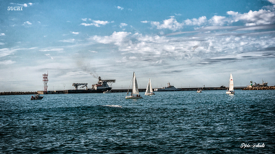 небо,море,облака и парусные лодки
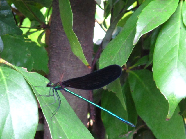 エビネ小屋の横の狭い通路にハグロトンボがいました。腹がきれいな金青緑色です。
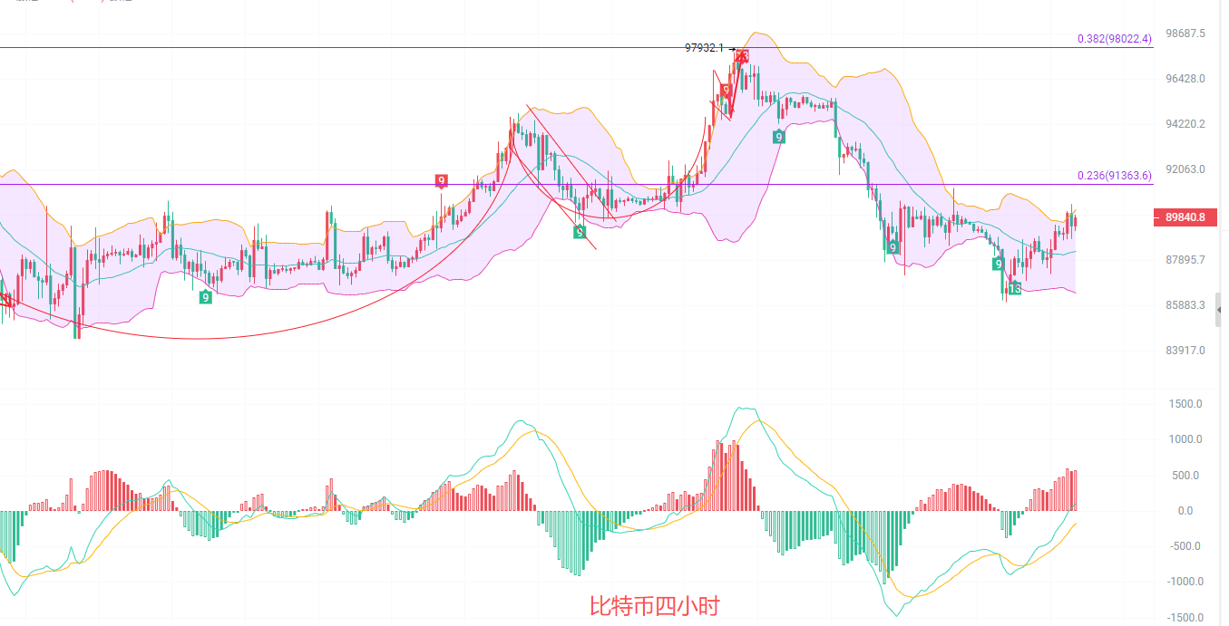 The 4-hour candlestick chart reached the EMA 120 level at 90460 before pulling back. Currently, it's consolidating within the EMA's range. The MACD has seen continuous volume increases, with the DIF and DEA near the zero line. Simultaneously, the price action encountered resistance at the upper Bollinger Band at 90138. This level clearly represents short-term resistance, and if it holds, a short-term entry could be considered.
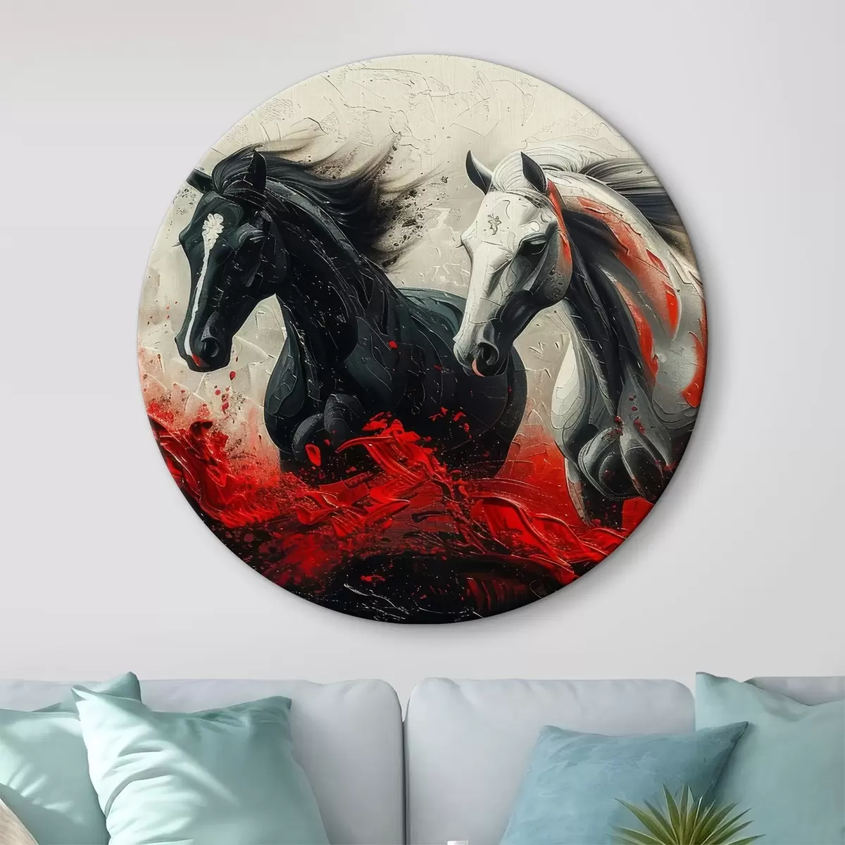 Runde Wandbilder Bild von laufenden Pferden mit roter Farbe r37769
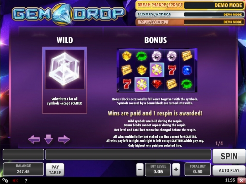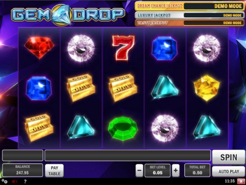 Gem Drop представляет собой онлайновую слот-машину с пятью барабанами, десятью линиями и пятнадцатью картинками на основном экране. Набор доступных функций состоит из простых и специальных картинок, джекпотов, риск-игры и бонусных респинов, действующих по особым правилам.
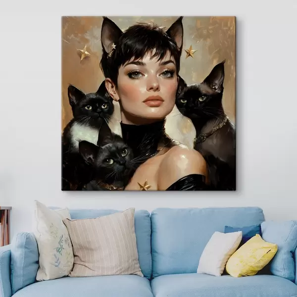Cuadros Gata con gatos negros Nr s41344
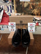 The 4 hole shoes have a rounder toe box, are finished in a Black waxy leather and have a dyed red sole and stitching too match.
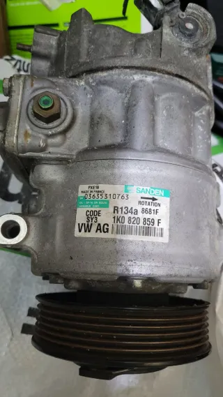 Compresor de aire acondicionado Sanden PXE16 para VW AG. - Modelo: PXE16 - Código: SY3 - Referencia VW: 1K0 820 859 F - Fabricado en Francia. - Gas refrigerante: R134a

→ **Your assignment**
Please retype only the lines from the line that holds "The 4 hole shoes" through the end of the records, exactly as they stand, and drop every picture.

→ **Solution**
 The 4 hole shoes have a rounder toe box, are finished in a Black waxy leather and have a dyed red sole and stitching too match.
 Compresor de aire acondicionado Sanden PXE16 para VW AG. - Modelo: PXE16 - Código: SY3 - Referencia VW: 1K0 820 859 F - Fabricado en Francia. - Gas refrigerante: R134a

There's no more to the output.